┌─ Data extract
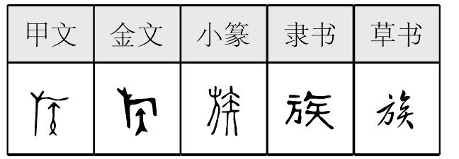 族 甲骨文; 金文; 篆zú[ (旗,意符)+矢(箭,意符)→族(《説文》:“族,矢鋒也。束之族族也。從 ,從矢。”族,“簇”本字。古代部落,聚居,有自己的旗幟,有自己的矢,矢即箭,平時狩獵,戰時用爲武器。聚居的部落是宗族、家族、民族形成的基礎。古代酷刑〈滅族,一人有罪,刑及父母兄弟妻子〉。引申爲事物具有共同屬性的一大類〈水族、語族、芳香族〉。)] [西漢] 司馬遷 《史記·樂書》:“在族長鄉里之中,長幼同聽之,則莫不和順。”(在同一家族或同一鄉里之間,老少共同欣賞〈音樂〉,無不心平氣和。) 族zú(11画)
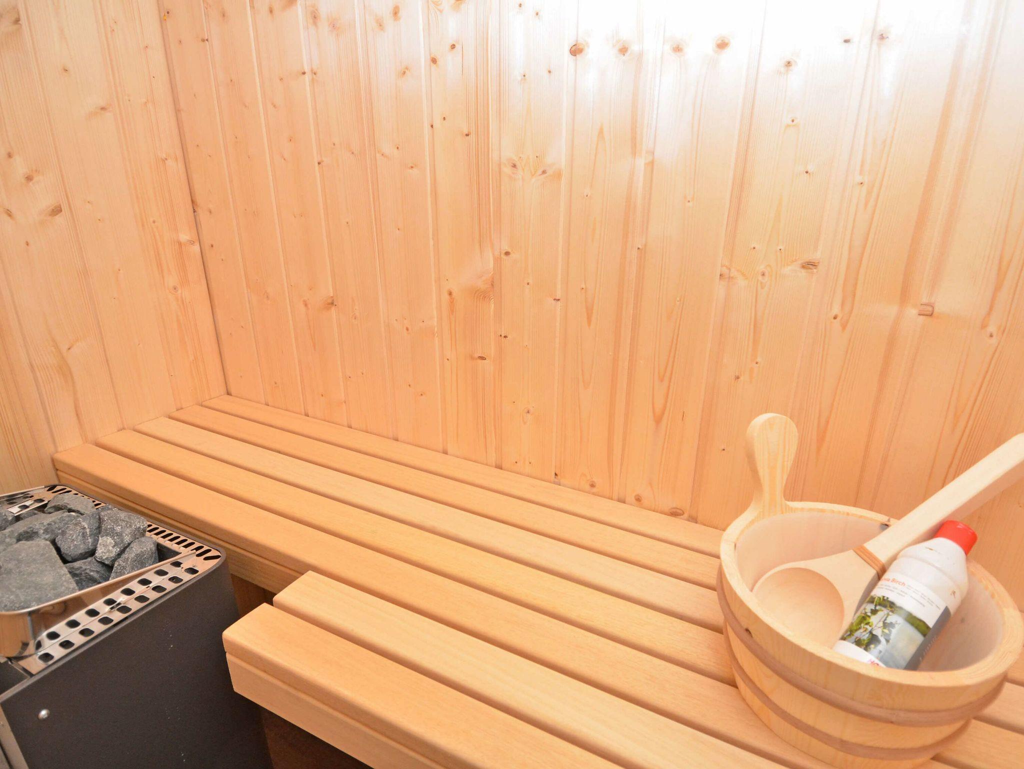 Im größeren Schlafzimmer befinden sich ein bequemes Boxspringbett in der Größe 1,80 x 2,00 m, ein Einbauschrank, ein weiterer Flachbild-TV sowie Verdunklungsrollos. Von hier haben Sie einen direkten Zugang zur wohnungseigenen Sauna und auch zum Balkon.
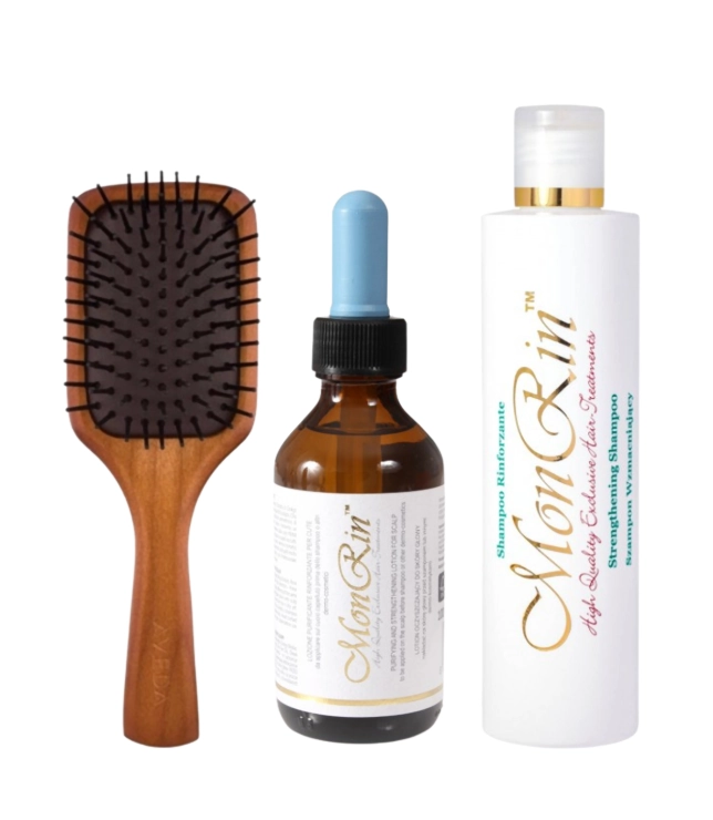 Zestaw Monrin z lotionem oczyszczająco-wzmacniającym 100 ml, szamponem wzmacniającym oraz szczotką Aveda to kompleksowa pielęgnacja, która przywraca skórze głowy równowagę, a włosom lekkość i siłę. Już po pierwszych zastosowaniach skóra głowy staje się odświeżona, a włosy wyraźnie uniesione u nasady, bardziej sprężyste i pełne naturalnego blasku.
└─
- _What is needed_
Copy the data precisely. Skip every picture.

- _Exercise output_
 族 甲骨文; 金文; 篆zú[ (旗,意符)+矢(箭,意符)→族(《説文》:“族,矢鋒也。束之族族也。從 ,從矢。”族,“簇”本字。古代部落,聚居,有自己的旗幟,有自己的矢,矢即箭,平時狩獵,戰時用爲武器。聚居的部落是宗族、家族、民族形成的基礎。古代酷刑〈滅族,一人有罪,刑及父母兄弟妻子〉。引申爲事物具有共同屬性的一大類〈水族、語族、芳香族〉。)] [西漢] 司馬遷 《史記·樂書》:“在族長鄉里之中,長幼同聽之,則莫不和順。”(在同一家族或同一鄉里之間,老少共同欣賞〈音樂〉,無不心平氣和。) 族zú(11画)
 Im größeren Schlafzimmer befinden sich ein bequemes Boxspringbett in der Größe 1,80 x 2,00 m, ein Einbauschrank, ein weiterer Flachbild-TV sowie Verdunklungsrollos. Von hier haben Sie einen direkten Zugang zur wohnungseigenen Sauna und auch zum Balkon.
 Zestaw Monrin z lotionem oczyszczająco-wzmacniającym 100 ml, szamponem wzmacniającym oraz szczotką Aveda to kompleksowa pielęgnacja, która przywraca skórze głowy równowagę, a włosom lekkość i siłę. Już po pierwszych zastosowaniach skóra głowy staje się odświeżona, a włosy wyraźnie uniesione u nasady, bardziej sprężyste i pełne naturalnego blasku.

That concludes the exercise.